───── Dataset ─────
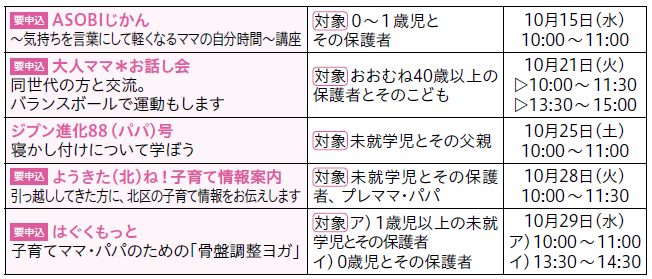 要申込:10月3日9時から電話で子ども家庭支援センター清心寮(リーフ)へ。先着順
─────
───── Dataset ─────
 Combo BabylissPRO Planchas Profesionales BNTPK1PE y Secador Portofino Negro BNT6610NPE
─────
───── Dataset ─────
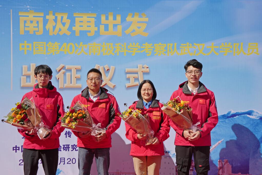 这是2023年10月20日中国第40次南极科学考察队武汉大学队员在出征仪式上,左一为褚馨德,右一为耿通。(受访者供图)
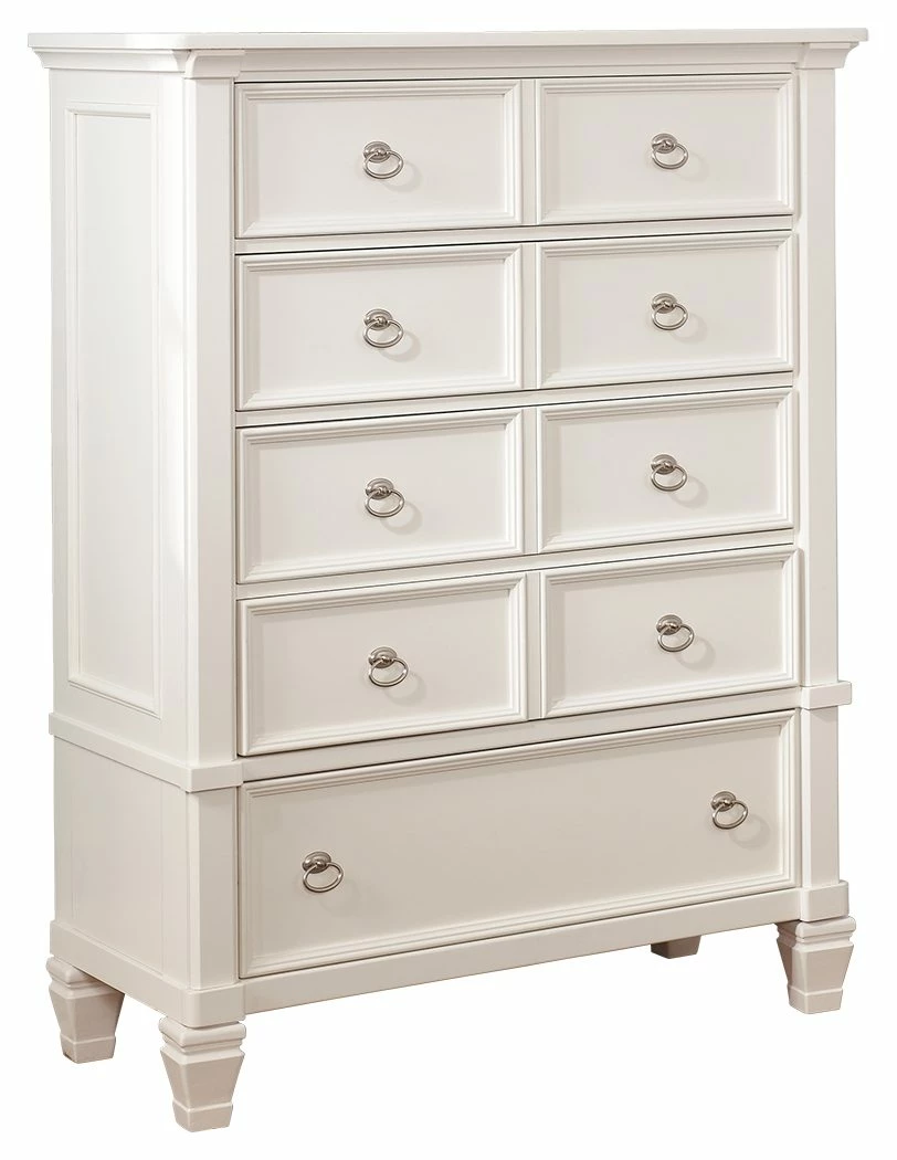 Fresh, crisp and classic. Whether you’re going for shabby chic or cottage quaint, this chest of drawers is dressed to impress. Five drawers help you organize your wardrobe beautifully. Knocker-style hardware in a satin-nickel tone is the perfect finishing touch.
─────
Assignment: Reproduce word for word, with pictures dropped, only the part of the material above that opens with the line containing "这是2023年10月20日中" and closes with the line containing "Fresh, crisp and".

Output below:
 这是2023年10月20日中国第40次南极科学考察队武汉大学队员在出征仪式上,左一为褚馨德,右一为耿通。(受访者供图)
 Fresh, crisp and classic. Whether you’re going for shabby chic or cottage quaint, this chest of drawers is dressed to impress. Five drawers help you organize your wardrobe beautifully. Knocker-style hardware in a satin-nickel tone is the perfect finishing touch.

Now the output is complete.